> WHAT TO DO:
From the line that contains "Посмотрите на таблицу" through the line that contains "by another sea.", output every line of the listing below exactly and leave out all the rest.

> GIVEN DATA:
◇ ◇ ◇

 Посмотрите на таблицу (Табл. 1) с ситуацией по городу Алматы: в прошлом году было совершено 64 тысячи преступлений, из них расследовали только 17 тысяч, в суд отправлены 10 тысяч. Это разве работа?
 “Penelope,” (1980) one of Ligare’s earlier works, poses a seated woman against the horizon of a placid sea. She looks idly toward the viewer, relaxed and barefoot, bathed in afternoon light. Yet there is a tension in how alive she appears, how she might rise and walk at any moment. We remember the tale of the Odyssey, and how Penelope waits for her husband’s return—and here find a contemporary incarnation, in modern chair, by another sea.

◇ ◇ ◇

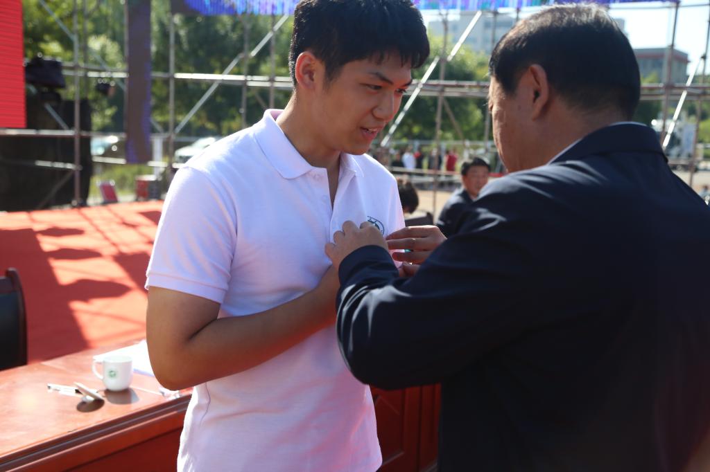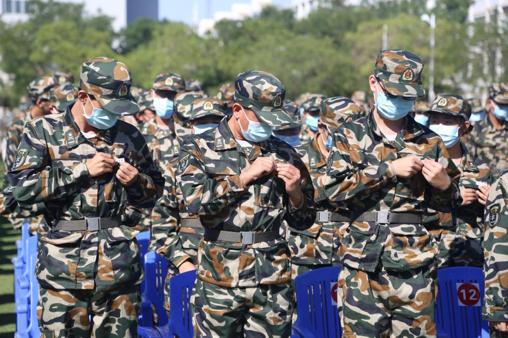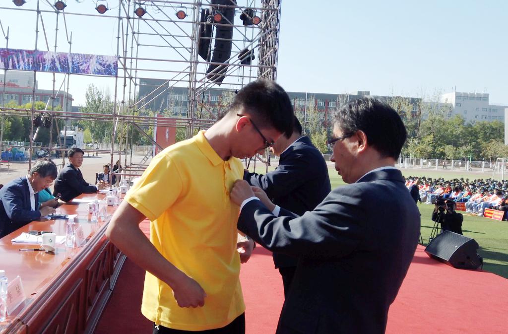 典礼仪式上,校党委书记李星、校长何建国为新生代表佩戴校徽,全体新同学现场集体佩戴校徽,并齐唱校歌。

◇ ◇ ◇

> EXPECTED OUTPUT:
 Посмотрите на таблицу (Табл. 1) с ситуацией по городу Алматы: в прошлом году было совершено 64 тысячи преступлений, из них расследовали только 17 тысяч, в суд отправлены 10 тысяч. Это разве работа?
 “Penelope,” (1980) one of Ligare’s earlier works, poses a seated woman against the horizon of a placid sea. She looks idly toward the viewer, relaxed and barefoot, bathed in afternoon light. Yet there is a tension in how alive she appears, how she might rise and walk at any moment. We remember the tale of the Odyssey, and how Penelope waits for her husband’s return—and here find a contemporary incarnation, in modern chair, by another sea.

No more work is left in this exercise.